钱金凤被他蹭得浑身发麻,那股子油烟味混合着汗味直冲鼻子,心里头泛起一阵本能的恶心,可手却不由自主地往后伸,握住了他那根滑腻腻的肉棒,往自己洞口引。
她心算着三十五,三十五块她得在后厨烟熏火燎地干好几天才能挣到。
“老板,你别急,往这儿——”她拉着那滚烫的龟头对准了自己的阴唇中间。
庞胖子腰一挺“滋”一声整根没入,小腹撞在她屁股上发出一声闷响。
“操!”庞胖子仰着脖子叫了一声,两只手死死掐着她的胯骨,额头上的青筋都暴起来了,“钱金凤,你这屄真他妈紧!比我家那肥猪紧多了!那娘们生完孩子以后就松得跟面口袋似的,干她跟干一坨死肉一样!”

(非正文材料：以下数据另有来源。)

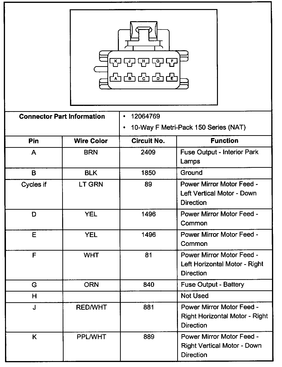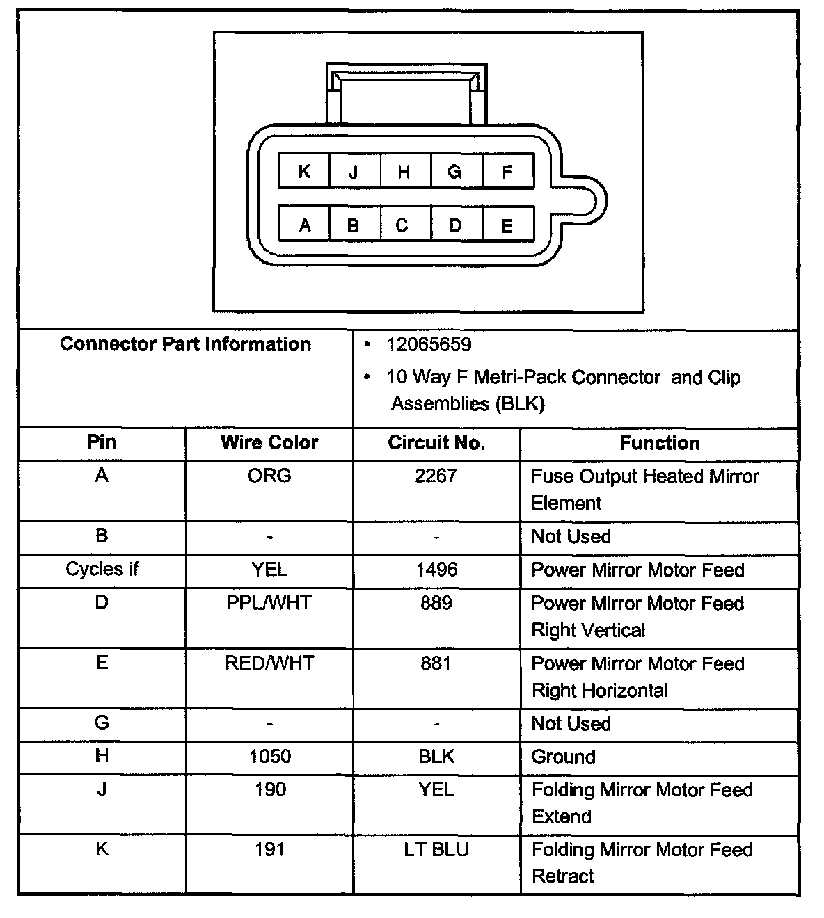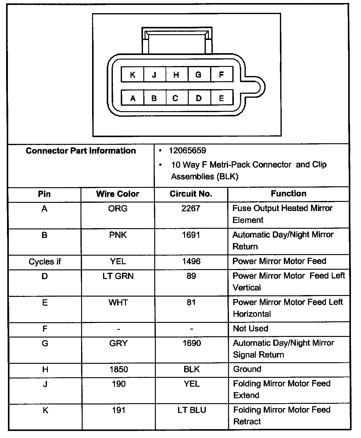 Outside Rear View Mirror Switch, Connector:
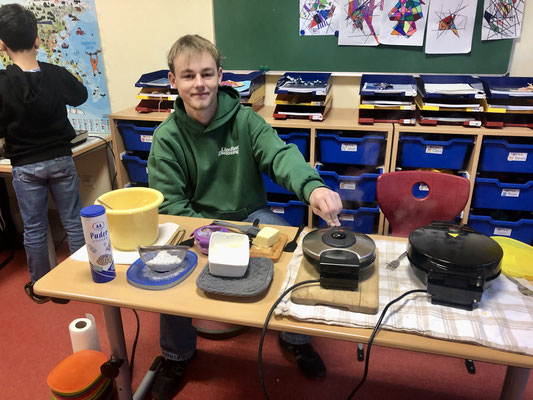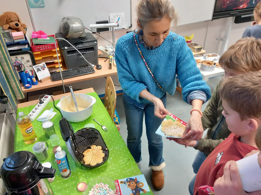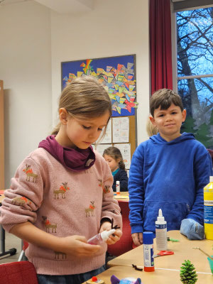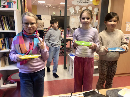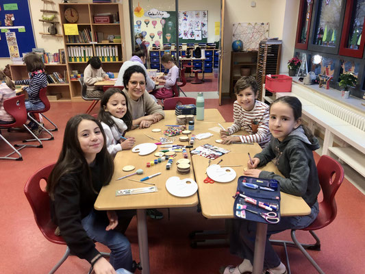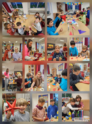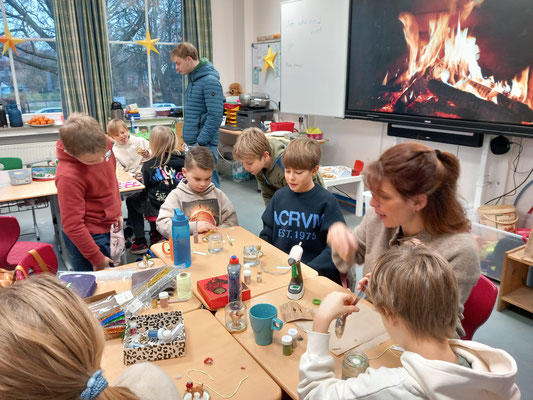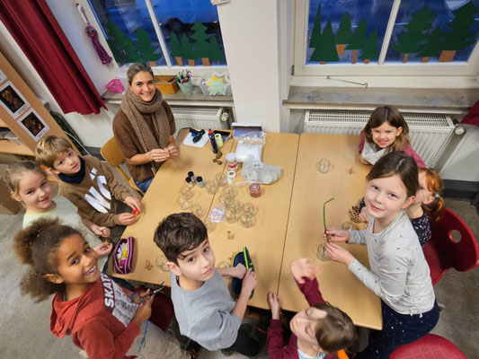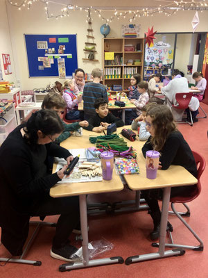 Wenn es Ende November in der Rückertschule nach Plätzchen und frisch gebackenen Waffeln duftet und in allen Räumen besinnlich gewerkelt wird, dann ist wieder Bastelvormittag in der Adventszeit. Lehrkräfte und viele fleißige Eltern haben kreative Bastelangebote vorbereitet und arbeiten mit den Kindern in kleinen Gruppen an Weihnachtsgeschenken oder Adventsschmuck- wobei: Nach arbeiten fühlt es sich gar nicht an. Es ist einer dieser beliebten gemütlichen Vormittage, die unsere Rückertkinder so sehr genießen und der immer wieder richtig gut ankommt!
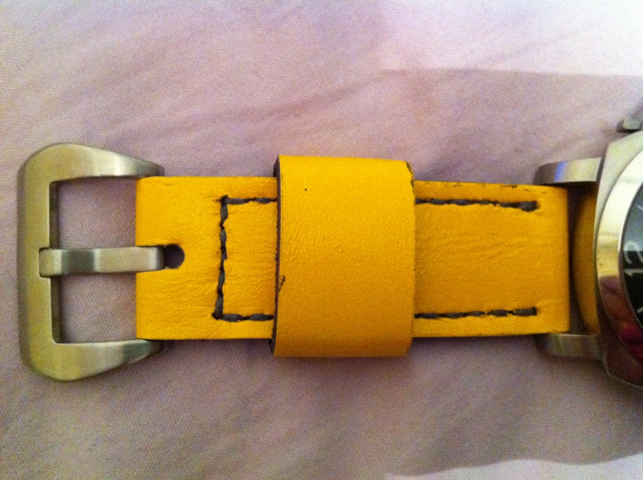 А вот с желтым не все так радужно: вопервых на фото он более матовый чтоли, а по факту блестит как дешевый кожзам (кстати не уверен что это кожа), нитки темные а на сайте светлые, жесткий ремень, и вообще такое ощущение что делался на скорую руку, кое где видны следы маркера которым он размечал ремень перед резкой. Ну вобщем желтым я не доволен, если б видел в живую что покупал - никогда б не купил.
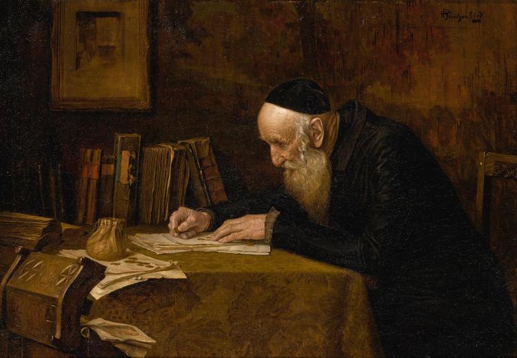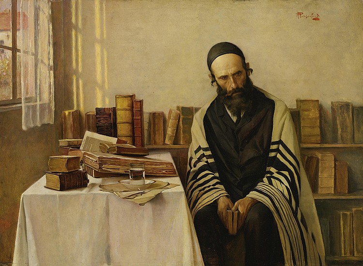 Much of the Jewish art by Priechenfried focused on the quiet contemplation of the holy scriptures.
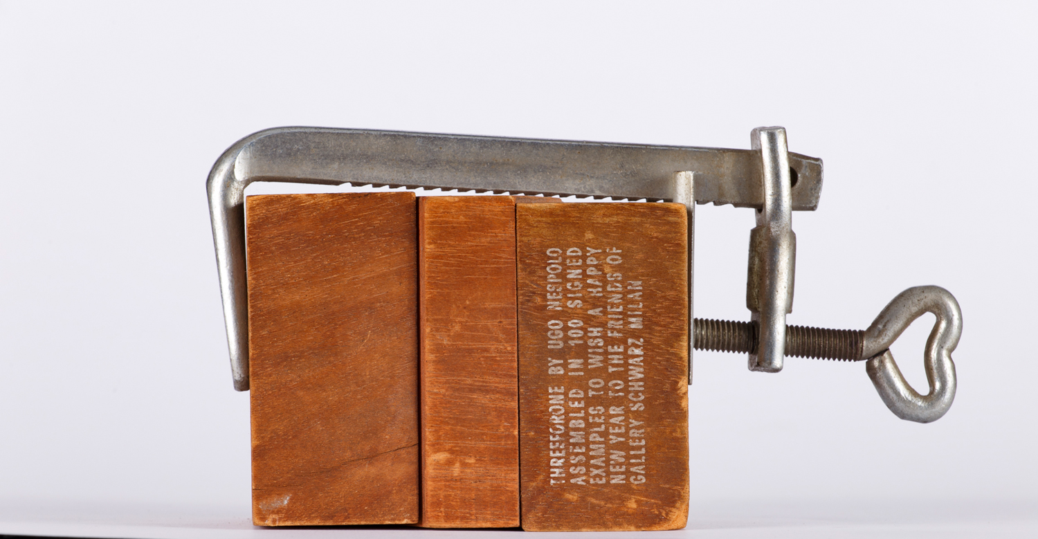 Iscrizione "Triperuno di Ugo Nespolo eseguito in 100 esemplari firmati per augurare buon anno agli amici della Galleria Schwarz Milano"
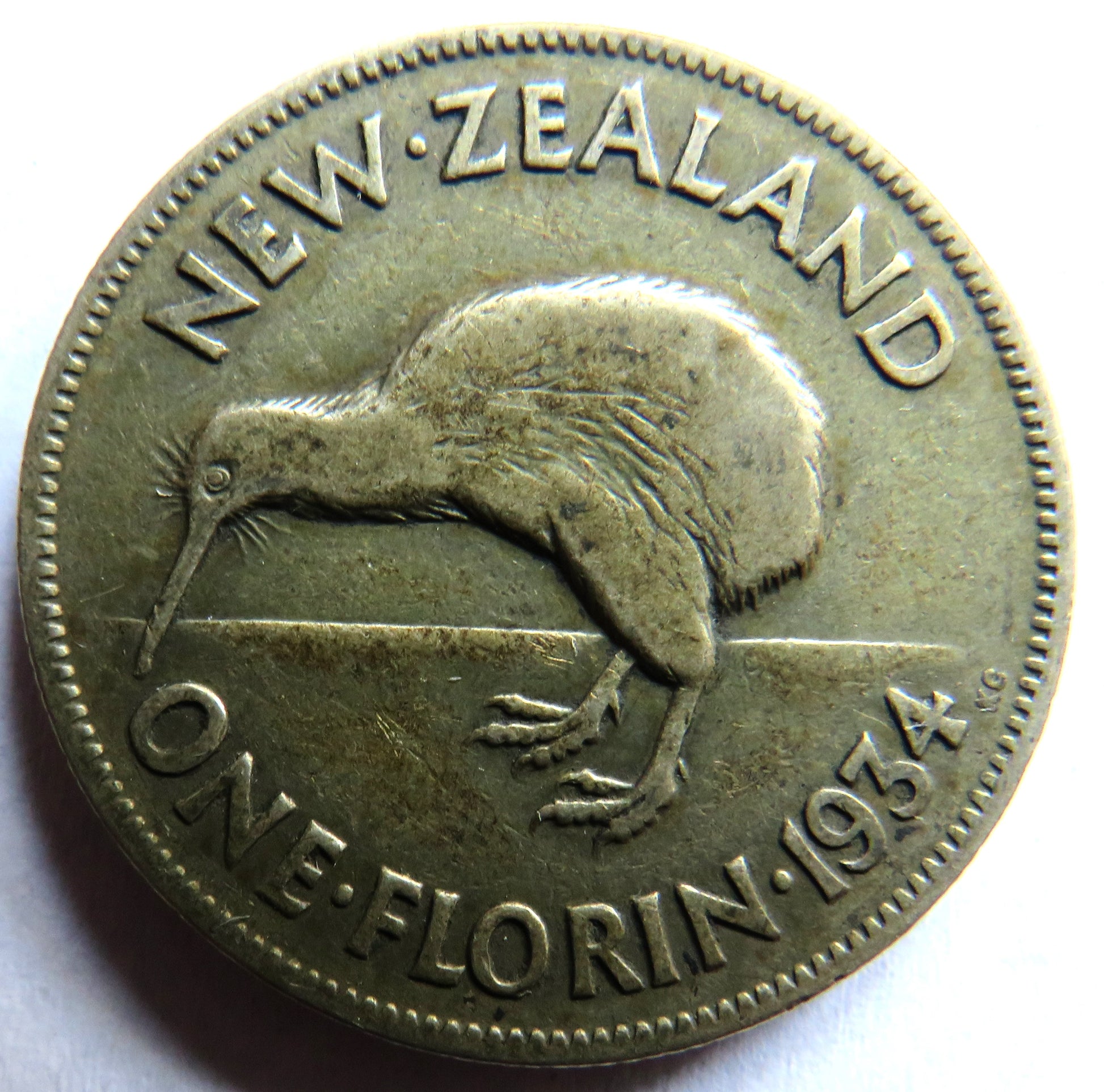 For Sale - 1934 King George V New Zealand Silver One Florin Coin

“老板娘挺好……”钱金凤趴在案板边上,声音被撞得断断续续的。
庞胖子一口唾沫啐在地上,说好个屁,你不知道她那个肚子,三层褶子叠在一起,奶子垂到肚脐眼,晚上睡觉打呼噜比我动静还大,看一眼就倒胃口,还是你好,腰是腰屁股是屁股。
他一边说一边开始动,动的力气很大,每一下都又深又猛,撞得案板上的碗碟都跟着晃荡。
钱金凤的两只手撑着案板,手背上青筋都绷起来了,指甲在木纹上抠出几道浅浅的印子。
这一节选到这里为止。